When building a tunnel in a weak and broken rock mass, the rock and soil mass within the tunnel excavation contour line must be excavated first, and then the concrete lining or prefabricated concrete components shall be poured in time to form the required underground space. Because the ground is weak and broken, and when the groundwater content is high, the tunnel lining will bear greater pressure of the ground and groundwater. According to the pressure condition of strata and groundwater, single-layer or double-layer lining can be used to maintain the internal clearance of the tunnel and prevent the collapse of rock and soil around the tunnel. The cross-section of the tunnel is usually arched, circular, horseshoe-shaped or rectangular, etc., and an arc-shaped inverted arch is set at the bottom of the tunnel to improve the bearing capacity of the ground, prevent the settlement and deformation of the tunnel during construction and operation, and ensure safe operation of the tunnel.

In addition, when tunnels are built in volcanoes, underground magmatic activity areas, or deep formations, they often face high formation temperatures or high-temperature groundwater. When the formation temperature reaches 30°C, it is a high-temperature formation. High formation temperature will not only affect the safe construction of the tunnel, more importantly, during the long-term operation of the tunnel, the high temperature will deteriorate the operating environment in the tunnel. In addition, the high temperature will also produce uneven temperature-variable stress in the tunnel lining, which will lead to cracking of the lining and reduce the strength and durability of the lining. For tunnels in high-temperature formations, mechanical ventilation is usually used to reduce the air temperature in the tunnel during tunnel construction and operation.

In addition, for tunnels in high-intensity seismic areas, earthquakes often damage or affect the tunnel structure. Usually, increasing the stiffness and strength of the tunnel lining or setting shock-absorbing joints in the tunnel lining is used to improve the seismic performance of the tunnel.

my country has a vast territory, complex and diverse terrain and landforms. With the construction of a large number of underground projects such as railways, highways, subways and national defense, more and more tunnel projects will pass through weak and broken high-temperature water-bearing strata and high-intensity earthquake areas.

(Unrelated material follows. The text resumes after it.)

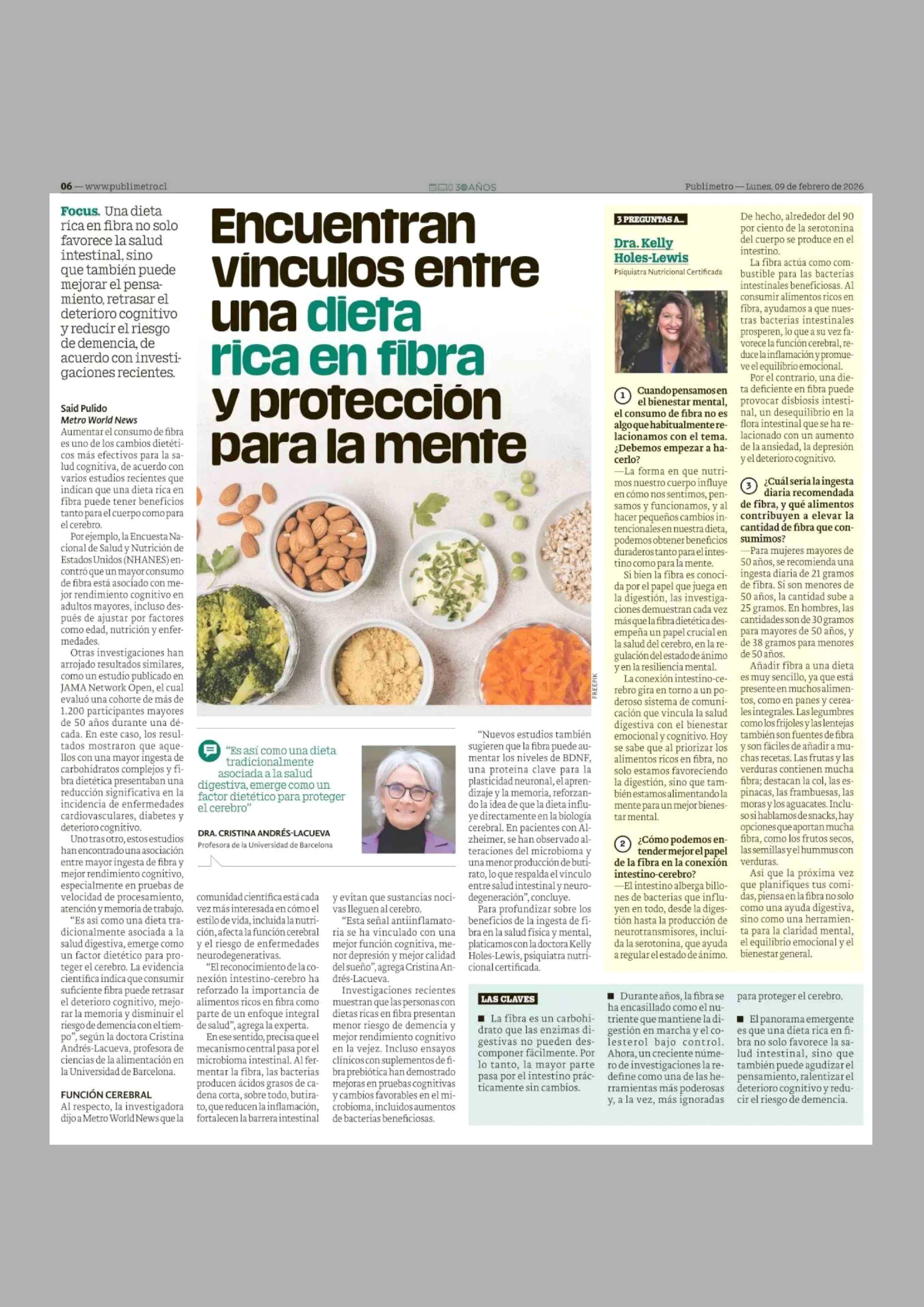 Título: Encuentran vinculos entre una dieta rica en fibra y protección para la mente

Conventional The existing tunnel structure has been difficult to adapt to such complex formations, so it is necessary to seek a new type of tunnel structure suitable for weak and broken high-temperature water-bearing formations.

Contents of the invention

The technical problem to be solved by the present invention is to provide a tunnel structure used in weak and broken high-temperature water-bearing formations. lower features.

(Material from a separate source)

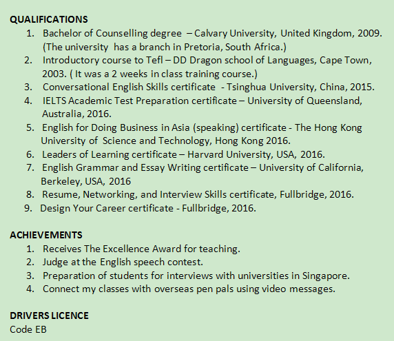 國(guó)籍: 美國(guó) 求職意向: 教師

To achieve the purpose of the above invention, the present invention provides a tunnel structure used in weak and broken high-temperature water-bearing formations, including shell-shaped tunnel lining and inverted arch built in the space after the rock or soil is excavated in the formation, and the lining and inverted arch. The arch forms a closed ring structure. The left and right footings of the lining are connected with the upturned left and right ends of the inverted arch. Weep holes are set in at least one footing of the lining. Set up a drainage ditch connected to the drain hole and a cable trough between the drainage ditch and the carriageway. The carriageway in the tunnel is placed on the vibration-damping layer below it, and the lower part of the vibration-damping layer is provided with a bearing platform. The bearing platform is jointly supported by longitudinal beams and crossbeams at its lower part, and the longitudinal beams and crossbeams are supported by pile foundations at its lower part. The pile foundation vertically penetrates the inverted arch and is inserted into the ground. The driveway, vibration-damping layer The ends on both sides of the bearing plate are all disengaged from the position of the drainage ditch and the cable trough, and the longitudinal beams, crossbeams and pile foundations are all disengaged from the inverted arch.

The drainage ditch is adjacent to the lining and the cable duct is adjacent to the end of the carriageway in the tunnel.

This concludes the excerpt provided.